В 1844 году принцесса Терезия Васильевна Ольденбургская и Великая Княгиня Александра Николаевна основали в Петербурге одну из первых в России общин сестер и сердобольных вдов, помогавших больным. Идея создания этого заведения принадлежала принцессе Терезии, за год до того побывавшей в детской больнице в Варшаве, где существовала подобная община. Перво-наперво для общины был снят дом подполковницы Сучковой в Рождественской части, в котором разместились 18 принятых на испытание сестер. Полковником Сучковым на свои средства было осуществлено переоборудование дома под Заведение для сестер милосердия из 6 отделений. Одной из этих восемнадцати сестер стала Юлинька, с детства имевшая огромную тягу помогать страждущим. Она часто бывала в гостях у семейства Апраксиных, подолгу беседуя с младшей сестрой Ольги Фердинандовны, Любой. Так, по имени, называли ее все, несмотря на то, что ей давно перевалило за тридцать. В последние годы она была уже полностью неподвижна — лишь речь Божиим чудом была оставлена ей. Дни напролет Люба проводила в молитвах или слушала чтение святых книг. Сестра старалась приглашать к ней людей духовного звания, странников и странниц — всех, с кем страдалица могла поговорить о предметах духовных. Приходили к ней, впрочем, и те, кто нуждался в совете, поддержке и молитвах. Люба принимала всех. И понимала всех… Не было человека, который, придя к ней со своей бедой, не ушел бы от нее не утешенным.
Комната Любы походила на церковь — иконы, лампады, свечи… А на высоком одре, до подбородка укрытая одеялом, в белом платке, в обрамлении которого особенно маленьким казалось изможденное лицо, лежала сама Люба, более походившая на мощи… Говорящие мощи с пронзительными, ясными глазами… Над ее головой висел большой портрет согбенного седовласого старца в подряснике, опирающегося на мотыгу. Его нарисовал по памяти муж Ольги. Это был саровский старец Серафим, молитвами которого некогда вернулась к Любе речь — с тем, как оказалось, чтобы могла она сама теперь словом врачевать людские души.
Но не только за духовным утешением или душевной беседой ходила Юлинька к Любе. Еще будучи в лучшем состоянии здоровья, последняя успела обучиться некоторым наукам, включая медицину. И в личной библиотеке ее, кроме книг духовных, были и ученые труды, занимавшие Юлиньку. Из этих книг и разговоров с Любой и постигала она азы медицинской науки в теории.
К моменту открытия общины она была уже готовой сестрой милосердия. Работа нисколько не страшила ее. С детства бывая с матерью в больницах и странноприимницах, она привыкла видеть самые страшные язвы и раны, самые тяжкие недуги.
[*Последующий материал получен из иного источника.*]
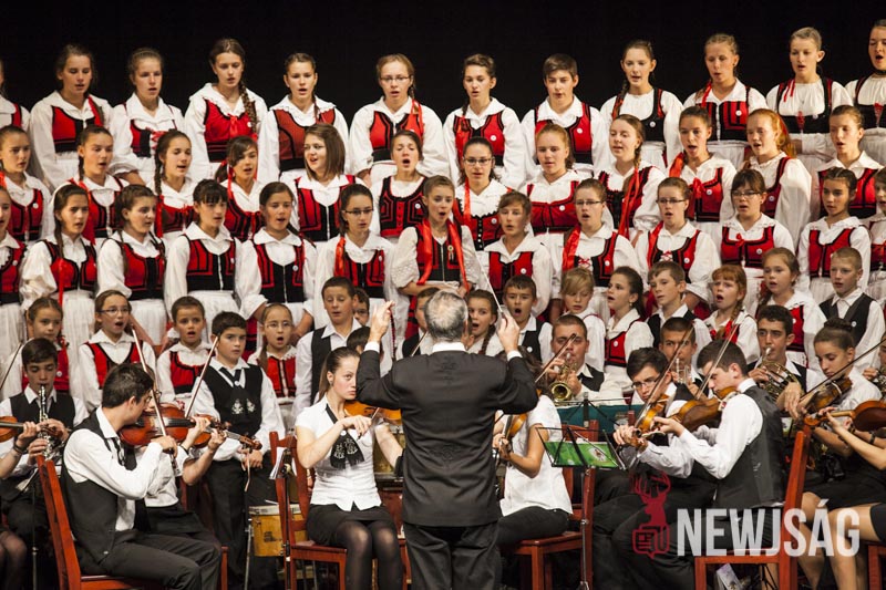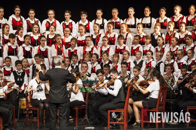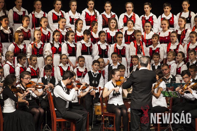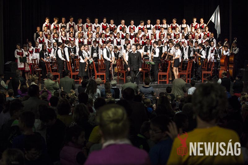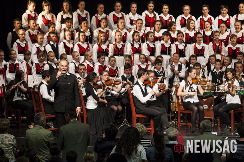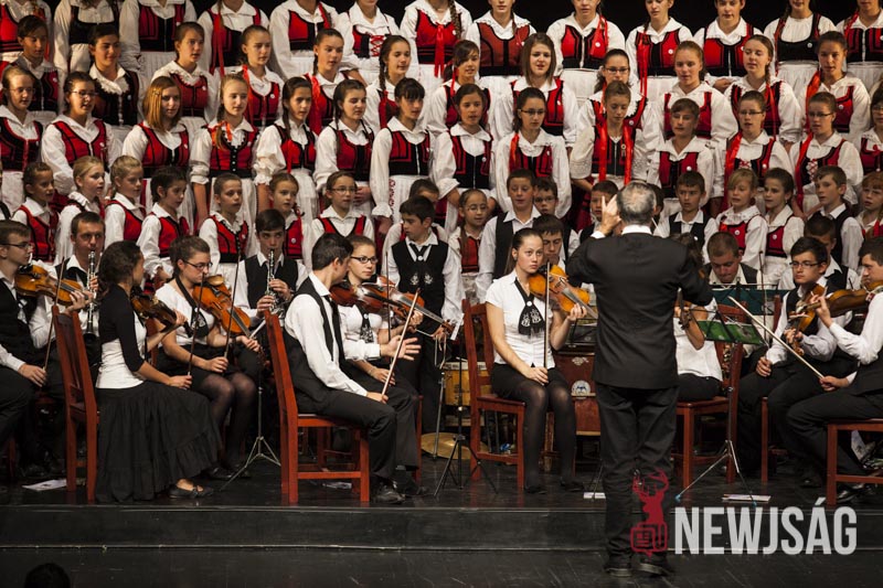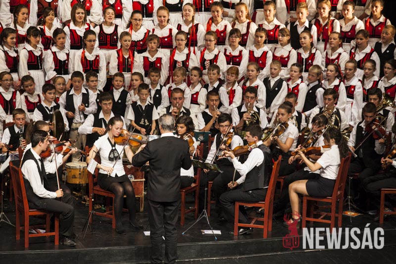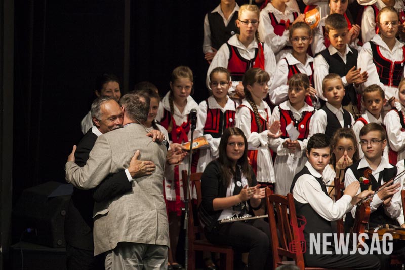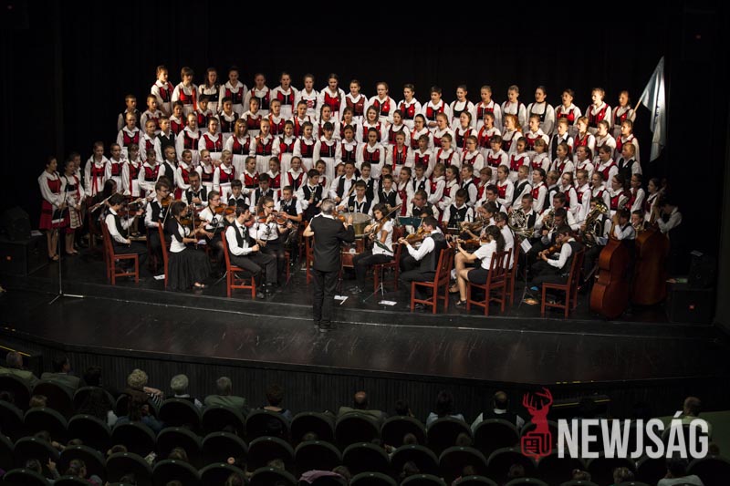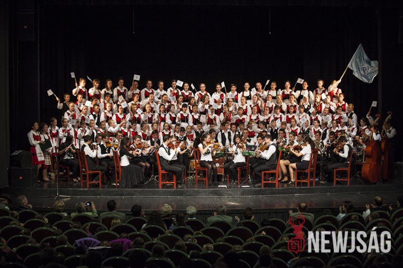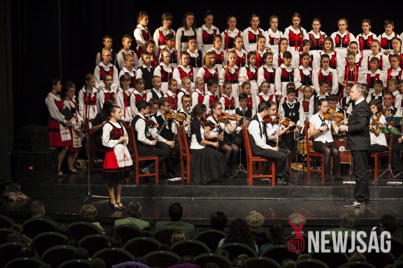 Búcsús ének, magyar népdalok és orosz nyelvű dal egyaránt szerepelt a műsorban, aminek amellett, hogy fellépésükkel több száz szarvasi gyereknek nyújtottak zenei élményt, volt másik apropója is. Köszönetet szerettek volna mondani – ahogy az ifjú műsorvezető hölgy szólította – Erdélyi Pista bácsinak, mert cége, a Gallicoop 10 éve “eteti” a Filit. Ezért és a Haáz Sándor vezette szentegyházi kórusnak más módon nyújtott támogatásáért a Szózattal köszöntötték Erdélyi Istvánt és a 25 éves Gallicoopot.

В доме Сучкова расположились отделение сестер милосердия, женская больница, пансион, приют, исправительная школа и отделение кающихся. Позже появилась и богадельня для неизлечимых больных. Женская больница принимала у себя бедных больных женщин разных возрастов и званий и, если те были безнадежны, старалась обеспечить им достойный уход. Пансион, приют и детское исправительное отделение принимали только девочек.
Община сестер милосердия имела целью «попечение о бедных больных, утешение скорбящих, приведение на путь истины лиц, предавшихся пороку, воспитание детей бесприютных и исправление детей с дурными наклонностями». В нее принимались вдовы и девицы всех свободных состояний в возрасте от 20 до 40 лет. Сестра милосердия должна была отличаться «набожностью, милосердием, целомудрием, опрятностью, скромностью, добротой, терпением и безусловным повиновением постановлениям».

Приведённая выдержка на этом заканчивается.